Gamification, another fun yet functional aspect of UX design, is gaining momentum too. Sites like LinkedIn make it fun to recommend a colleague and to chart and measure your own impact on the site. You can monitor how your skills are being measured by your connections, see how often others have viewed you, see how many times you have appeared in a search, and see the strength of your profile and where your connections are strongest. There is so much interesting, fun, and useful information to discover about your LinkedIn presence.
In a newly released book on gamification, Gamification at Work: Designing Engaging Business Software, Janaki Mythily Kumar and Mario Herger explore the idea of gamification in business and in the enterprise in a refreshingly practical, yet fun and engaging way. They use a process called Player Centered Design, which incorporates the notion of engaging the user. Player Centered Design puts the player at the center of the design and development process and surrounds the user with the concepts of motivation, mechanics, and mission. Beyond that there are the concepts of monitor, measure, and manage. They get creative and challenge the idea that simply adding points and badges to business applications is not a way to gamify a product.
This has made me think of all the fun words that now reference the user experience: "games," "play," "engaging," and "fun." Wow, it sounds fantastic and very motivating; I want to use that product! However, in my many years of observing business users for research purposes and designing for the enterprise, never have I heard a user utter anything close to "I love this app, work is so much fun!" And I began to wonder, why not?

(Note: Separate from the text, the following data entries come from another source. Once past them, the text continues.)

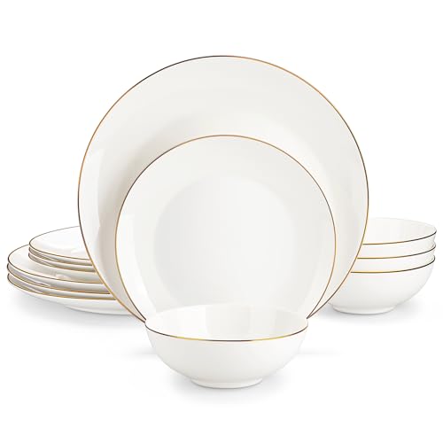MALACASA Bone China Dinnerware Set, 12 Pieces Cream-White Plates and Bowls Sets with Gold Rim, Dinner, Dessert and Cereal Bowls, Series JERA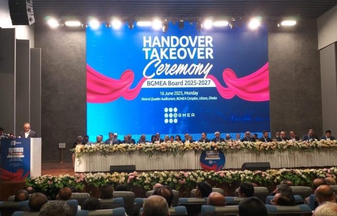 The handover ceremony was attended by all 35 members of the newly elected BGMEA board. Representatives from the Sammilito Parishad and Forum panels welcomed the new president with floral greetings. The Bangladesh Knitwear Manufacturers and Exporters Association (BKMEA) also extended congratulations to the entire new committee.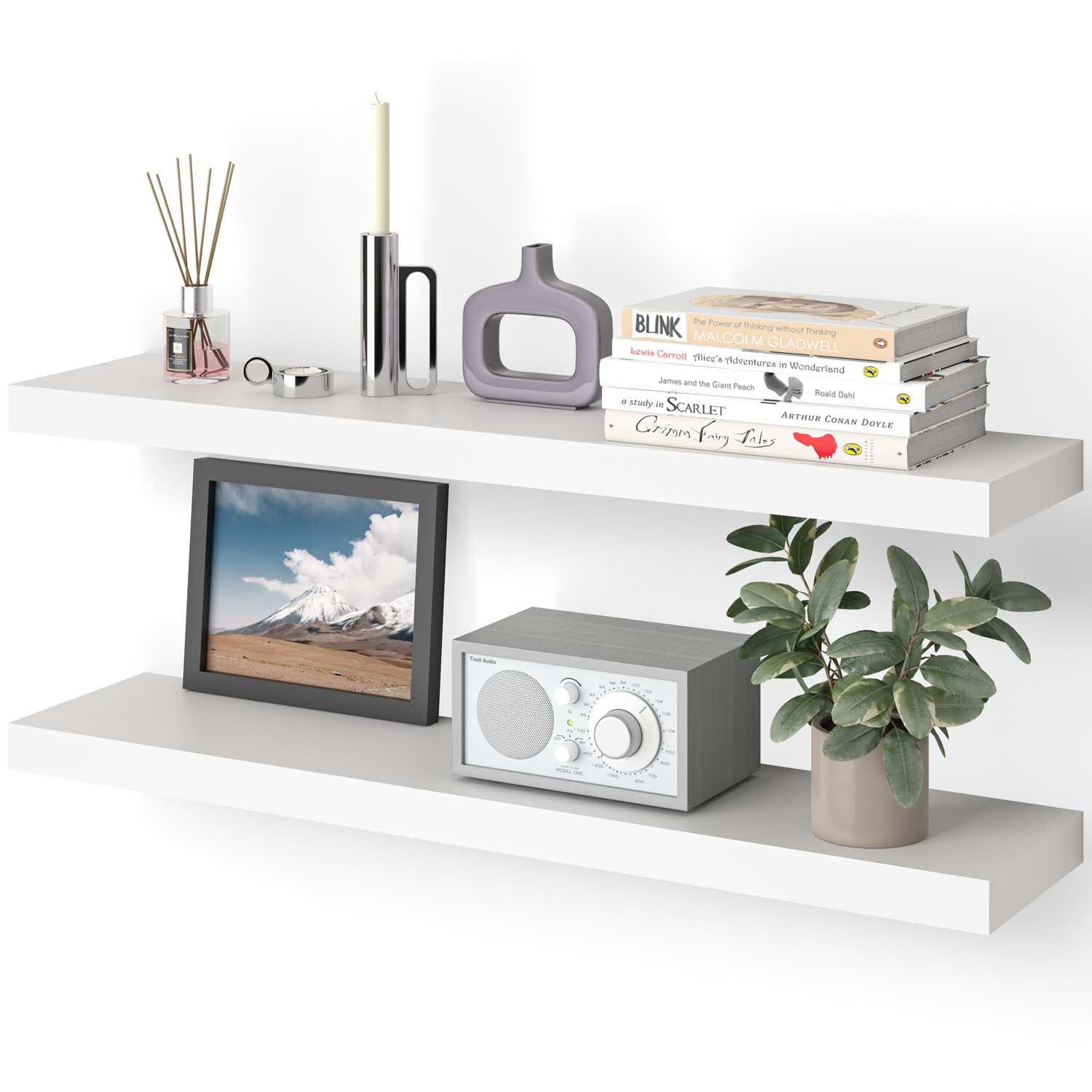 Set of 2 wooden floating shelves for wall to display books, toys and knick-knacks Hidden mounting metal brackets allow higher weight capacity and easy installation Use these shelves as a floating bookshelf, photo frame ledges, spice rack in kitchen and more With invisible mounting support these modern shelves look truly to be floating No assembly required. Easy-to-follow instructions and hanging hardware are included High quality mounting hardware allows 20 lb weight capacity per shelf Dimensions (Each Shelf): 35.5 x 8 x 1.5″ (WxDXH) Made of composite wood with metal hanging brackets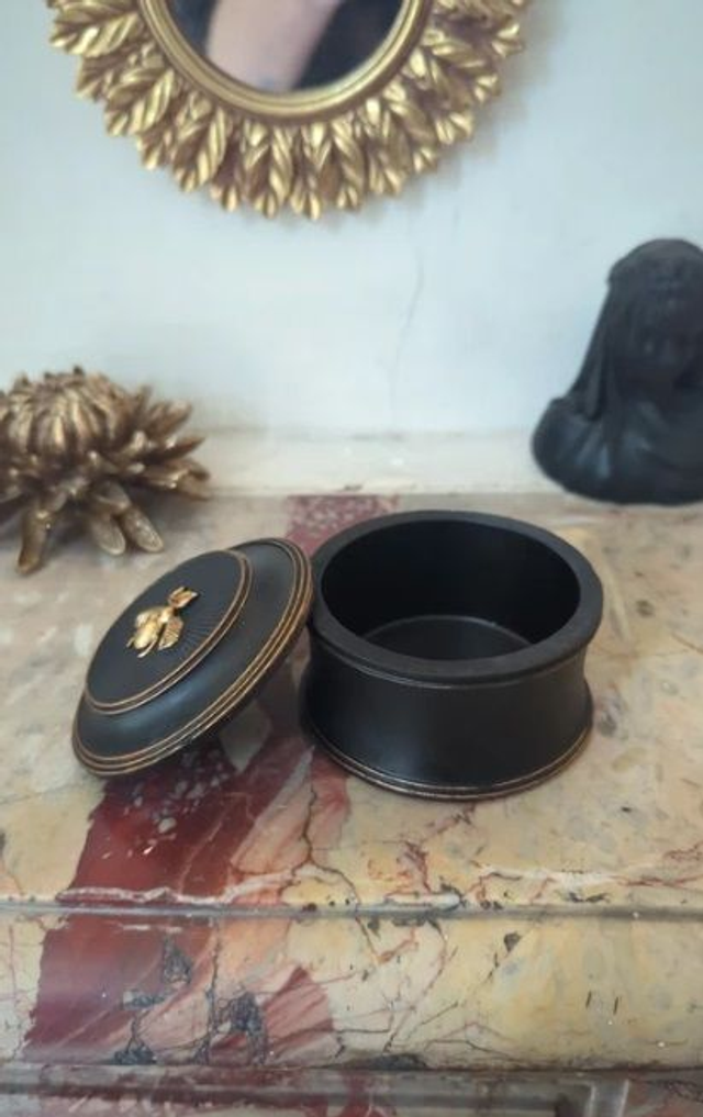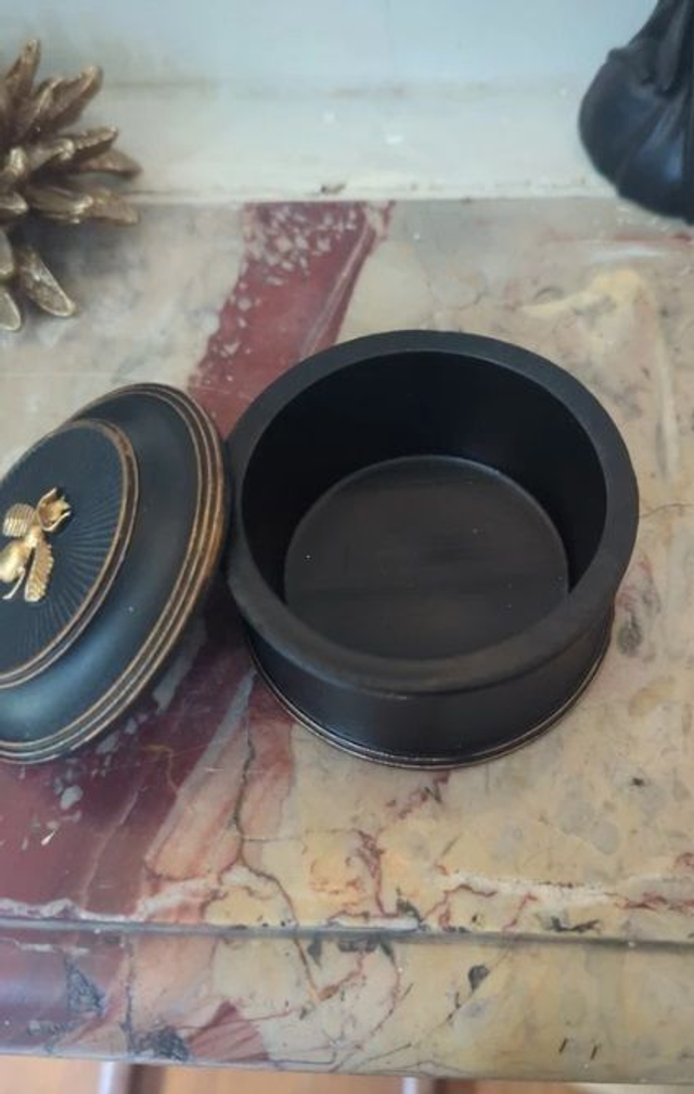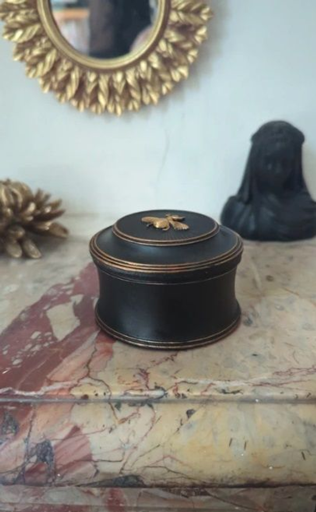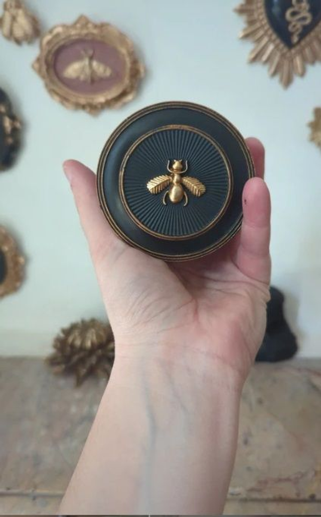 🌙 Sublimez votre intérieur avec cette boîte décorative raffinée, alliant élégance classique et détails luxueux. Conçue dans un fini noir mat rehaussé de liserés dorés, cette pièce attire le regard par son couvercle orné d’une abeille dorée en relief, symbole de royauté et de prospérité.

Thinking back almost two decades ago now, there was actually one enterprise application that I worked on where one task in the experience was actually cool and fun. Even though this was a process manufacturing application, we were able to integrate UX that would engage and excite the user. Who would think anyone could have fun in this domain, but you can and we did.
I am wondering why we are not having more fun in the enterprise? I look around and I see technology that clearly provides great power and performance for graphics and animation, increased use of motion design, and now the idea of introducing gamification to the enterprise and business sector. With all this technology, there is no reason we can't build more engaging experiences. There is a way to make practical interactions fun and functional and there is no real great reason not to. Imagine a user going to define a lifecycle or a business process and being excited because it is easy, straightforward, and FUN! Imagine making the mundane just a bit enjoyable.
Dana Chisnell discusses the idea of happiness in the UX Magazine article, "Beyond Frustration: Three Levels of Happy Design." She boils the idea of a "happy design" down into three concepts, mindfulness, flow, and meaning. Mindfulness is pleasing and predictive and builds awareness and positive emotion; flow is the idea of being so immersed in something that time flies and nothing else exists while engaged in the product; and meaning is the contribution and value that is added by using the product. She states that these are all interconnected and can be used to bring "happiness" to a user experience. These concepts nicely describe and make tangible the concept of a happy, pleasing, and engaging user experience. Rather than hearing users speak of an experience as frustrating, annoying, and confusing, we can move forward with these words to create a pleasing and exciting experience that allows users to easily and enjoyably reach their goals.
In its November 2012 press release, Gartner predicts that "by 2015, 40% of Global 1000 organizations will use gamification as the primary mechanism to transform business operations". In the same report, they also predict that "by 2014, 80% of current gamified applications will fail to meet business objectives, primarily due to poor design."